By  | 

Simple stretches don’t have to be a big deal! Providing relief to the shoulders (where many of us hold our stress) can be done in these five simple poses.

No props are needed and these stretches can be done from the office chair, home, or even while relaxing in the shower.

Shoulder Rolls

Either rolling one shoulder in a circular motion at a time, or rolling both shoulders, this is a timeless and effective way to bring movement into the shoulders. Doing this throughout the day from your desk, the car, standing in line at the store – or watching tv – can improve overall posture.

  • Gaze is forward.
  • Shoulders behind the ears and sit up tall.
  • As shoulders roll up to the ears, take a steady inhale in through the nose.
  • As shoulders roll down the back, take a steady and gentle exhale through the nose.
  • Repeat 10 times before reversing the direction of the circle

Benefits: Increases range of motion in the shoulders. Releases tension and increases blood flow and oxygen circulation.

Pat Yourself on the Back

It sounds so simple, but many of us have not done this literally – in months or even years!

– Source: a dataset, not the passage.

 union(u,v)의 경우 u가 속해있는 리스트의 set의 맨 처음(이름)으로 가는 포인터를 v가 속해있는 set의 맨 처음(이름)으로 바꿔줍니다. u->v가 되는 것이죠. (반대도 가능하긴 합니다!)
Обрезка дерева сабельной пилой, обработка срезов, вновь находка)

  • Sit up tall or stand tall. Gaze forward. Roll the shoulders back behind the ears.
  • Reach the right arm high to the sky (keep the shoulder ‘plugged in’ to the socket!).
  • Bend at the elbow, gaze forward, spread fingers wide and pat your back about 10 times.
  • Repeat with the left hand.

Benefits: Releases tension, increases flexibility, stimulates the mind, increases blood flow to shoulders and upper back.

Hands Behind the Back

This is considered a bind in yoga. Feel free to use a hand or dish towel if it causes discomfort to interlace the hands behind the low back.

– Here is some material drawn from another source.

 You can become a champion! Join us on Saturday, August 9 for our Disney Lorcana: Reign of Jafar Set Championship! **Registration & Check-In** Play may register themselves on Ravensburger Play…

  • Sit up tall or stand tall. Gaze forward.
  • Roll shoulders back behind the ears to create space across the chest and rotate the shoulders back.
  • Interlace the fingers behind the back. Right thumb on top of left.
  • Pull knuckles toward the ground. Take 5 deep and steady breaths.
  • Repeat with the left thumb on top.

Benefits: Improves flexibility and posture. De-stresses shoulders by releasing toxins that build in the shoulders and neck.

Hand to Face – Ear to Shoulder

Tension from the shoulders can creep into the neck and cause all sorts of discomfort, along with impacting the range of motion in the neck. This can also lead to headaches and increased shoulder tension.

  • Sit up tall. Gaze forward.
  • Inhale and lift your right arm to the sky (keep the shoulder plugged into the shoulder socket).
  • Gently reach for the left side of the face.
  • Exhale softly through the nose and guide the right ear toward the right shoulder. Keep the right shoulder relaxed. Take 3 steady inhales and 3 steady exhales through the nose.
  • Repeat on the left side.

Benefits: Reduce stress. Increase mobility in the neck. Releases toxins from neck and shoulders while boosting blood flow to muscle groups.

Arm Across the Chest

This is a classic stretch that has incredible benefits. Extending one arm at a time across the chest (be sure to keep the shoulder rolling down and away from the ear) is a way to relieve the shoulder from the stress of living everyday life.

  • Gaze forward. Roll the shoulders back.
  • Reach right arm across chest and gently scoop up into the bend of the left elbow.
  • Keep your right shoulder relaxed.
  • Take 3 steady inhales and 3 steady exhales through the nose.
  • Repeat on the left side.

Benefits: Increases flexibility of shoulder. Builds strength and improves posture.